**Required action**
For the material below, the expected output is exactly the lines between the line holding "Desde el diálogo" and the line holding "The fracture resistance", inclusive, with pictures left out.

**Source data**
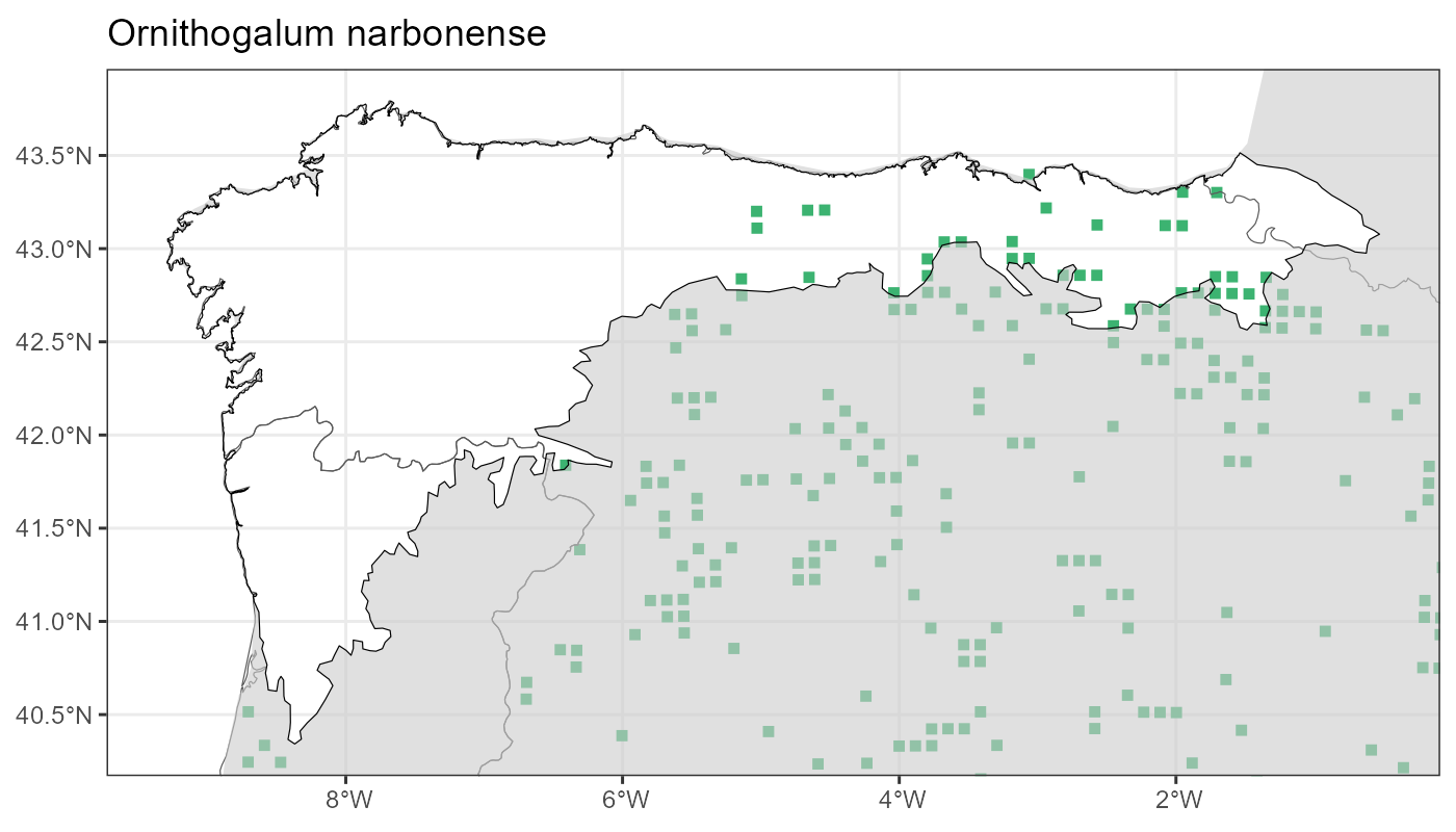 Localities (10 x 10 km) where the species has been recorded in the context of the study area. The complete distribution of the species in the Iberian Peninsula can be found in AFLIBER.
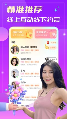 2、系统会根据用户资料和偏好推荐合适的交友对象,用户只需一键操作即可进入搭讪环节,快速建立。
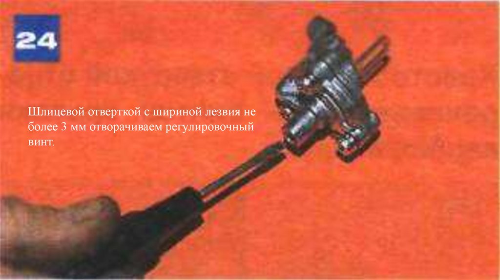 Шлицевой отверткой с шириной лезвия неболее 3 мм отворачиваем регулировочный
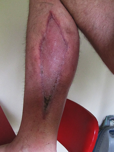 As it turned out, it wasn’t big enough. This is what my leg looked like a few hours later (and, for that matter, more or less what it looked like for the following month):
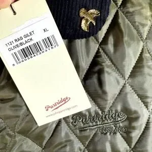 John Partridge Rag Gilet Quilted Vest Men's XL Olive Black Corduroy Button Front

...

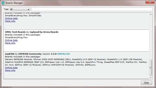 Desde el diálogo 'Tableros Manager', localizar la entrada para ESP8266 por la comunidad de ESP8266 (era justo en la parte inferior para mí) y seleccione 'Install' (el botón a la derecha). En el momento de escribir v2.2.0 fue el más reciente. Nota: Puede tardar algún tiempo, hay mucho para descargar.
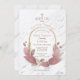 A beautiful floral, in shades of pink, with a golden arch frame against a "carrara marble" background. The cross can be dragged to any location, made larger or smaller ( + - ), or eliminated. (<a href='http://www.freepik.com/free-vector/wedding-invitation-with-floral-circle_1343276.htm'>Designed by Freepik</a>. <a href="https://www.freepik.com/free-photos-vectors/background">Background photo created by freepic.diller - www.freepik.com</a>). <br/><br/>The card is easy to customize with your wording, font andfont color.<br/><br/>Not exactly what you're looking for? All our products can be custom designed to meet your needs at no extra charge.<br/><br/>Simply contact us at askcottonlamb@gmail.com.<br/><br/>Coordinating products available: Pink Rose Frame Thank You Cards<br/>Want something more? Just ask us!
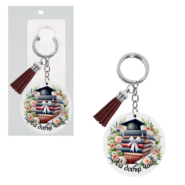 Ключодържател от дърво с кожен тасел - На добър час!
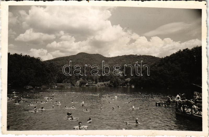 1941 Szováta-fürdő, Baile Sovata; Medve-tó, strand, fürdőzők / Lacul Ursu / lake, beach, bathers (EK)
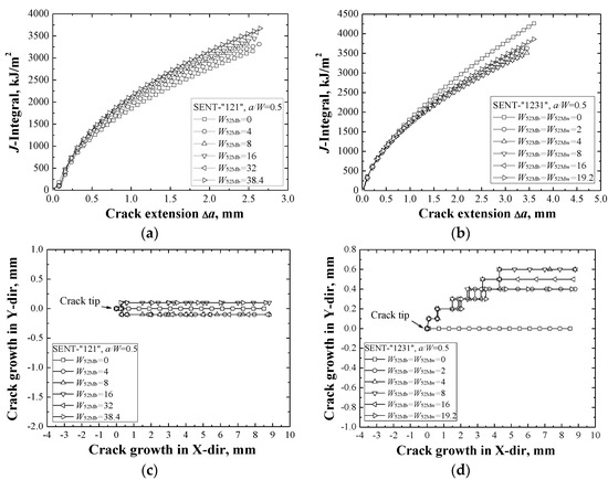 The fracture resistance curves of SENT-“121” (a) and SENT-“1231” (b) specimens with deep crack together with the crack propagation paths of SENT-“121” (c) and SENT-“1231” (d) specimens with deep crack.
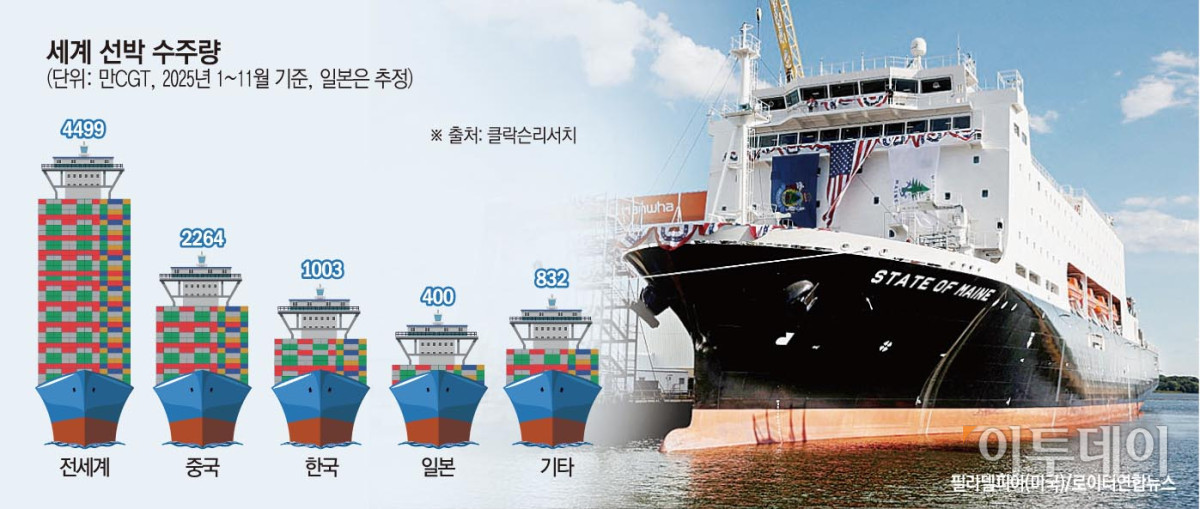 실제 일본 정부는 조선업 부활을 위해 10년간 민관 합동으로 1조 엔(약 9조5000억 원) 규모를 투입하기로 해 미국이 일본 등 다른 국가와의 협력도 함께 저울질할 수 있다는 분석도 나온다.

**Response**
 Desde el diálogo 'Tableros Manager', localizar la entrada para ESP8266 por la comunidad de ESP8266 (era justo en la parte inferior para mí) y seleccione 'Install' (el botón a la derecha). En el momento de escribir v2.2.0 fue el más reciente. Nota: Puede tardar algún tiempo, hay mucho para descargar.
 A beautiful floral, in shades of pink, with a golden arch frame against a "carrara marble" background. The cross can be dragged to any location, made larger or smaller ( + - ), or eliminated. (<a href='http://www.freepik.com/free-vector/wedding-invitation-with-floral-circle_1343276.htm'>Designed by Freepik</a>. <a href="https://www.freepik.com/free-photos-vectors/background">Background photo created by freepic.diller - www.freepik.com</a>). <br/><br/>The card is easy to customize with your wording, font andfont color.<br/><br/>Not exactly what you're looking for? All our products can be custom designed to meet your needs at no extra charge.<br/><br/>Simply contact us at askcottonlamb@gmail.com.<br/><br/>Coordinating products available: Pink Rose Frame Thank You Cards<br/>Want something more? Just ask us!
 Ключодържател от дърво с кожен тасел - На добър час!
 1941 Szováta-fürdő, Baile Sovata; Medve-tó, strand, fürdőzők / Lacul Ursu / lake, beach, bathers (EK)
 The fracture resistance curves of SENT-“121” (a) and SENT-“1231” (b) specimens with deep crack together with the crack propagation paths of SENT-“121” (c) and SENT-“1231” (d) specimens with deep crack.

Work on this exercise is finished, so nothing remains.